(Dataset records begins)

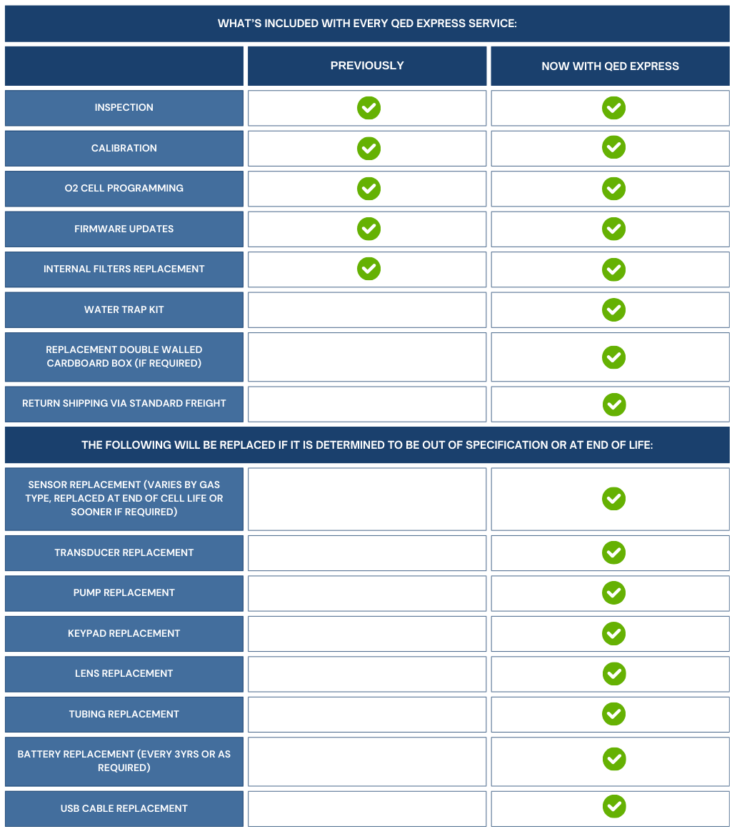 Using QED Express is easy – we do all the work on our end. Just enter a service request on our website and we handle the rest. This includes any instruments that are currently covered under bi-annual service as we are extending the service and calibration interval for instruments to one annual service. The process for you stays the same, all you need to do is fill in your relevant form to arrange a service.
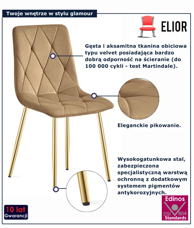• Złote proszkowo malowane nogi dodają krzesłu elegancji.
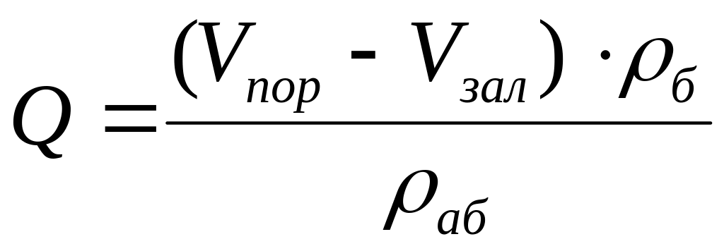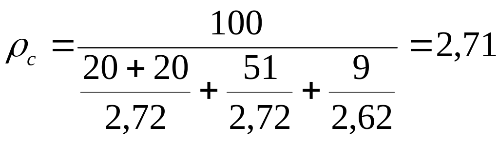 де ц, в, п, щ – вміст цементу, води, піску і щебеню (гравію), кг в 1 м3 бетонної суміші; ρц, ρв, ρп, ρщ – дійсна щільність цих матеріалів, кг/м3.
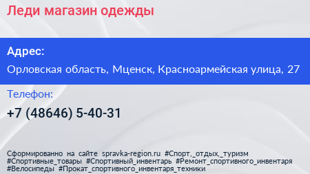 Леди, магазин одежды по адресу Орловская область, Мценск, Красноармейская улица, 27 в дальнейшем Организация, размещена в следующих категориях:
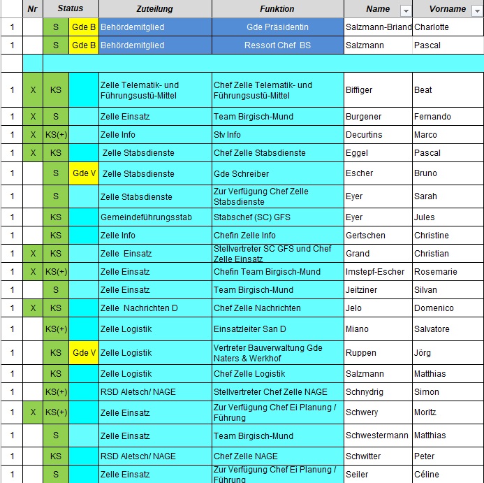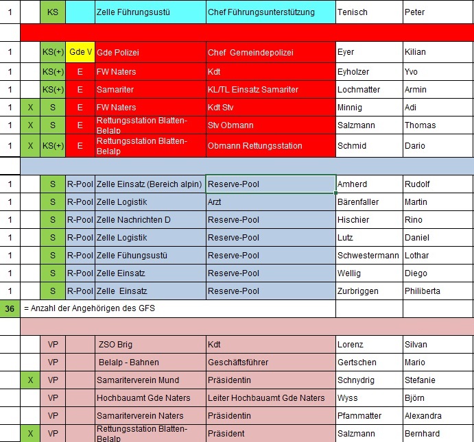 VP=Verbindungsperson, Team B-M =Team Birgisch-Mund, ZSO=Zivilschutzorganisation

(Dataset records ends)

The task:
Your answer must be the lines from the one containing "де ц, в, п, щ" through the last line of the records, copied exactly, with no pictures.

Answer section:
 де ц, в, п, щ – вміст цементу, води, піску і щебеню (гравію), кг в 1 м3 бетонної суміші; ρц, ρв, ρп, ρщ – дійсна щільність цих матеріалів, кг/м3.
 Леди, магазин одежды по адресу Орловская область, Мценск, Красноармейская улица, 27 в дальнейшем Организация, размещена в следующих категориях:
 VP=Verbindungsperson, Team B-M =Team Birgisch-Mund, ZSO=Zivilschutzorganisation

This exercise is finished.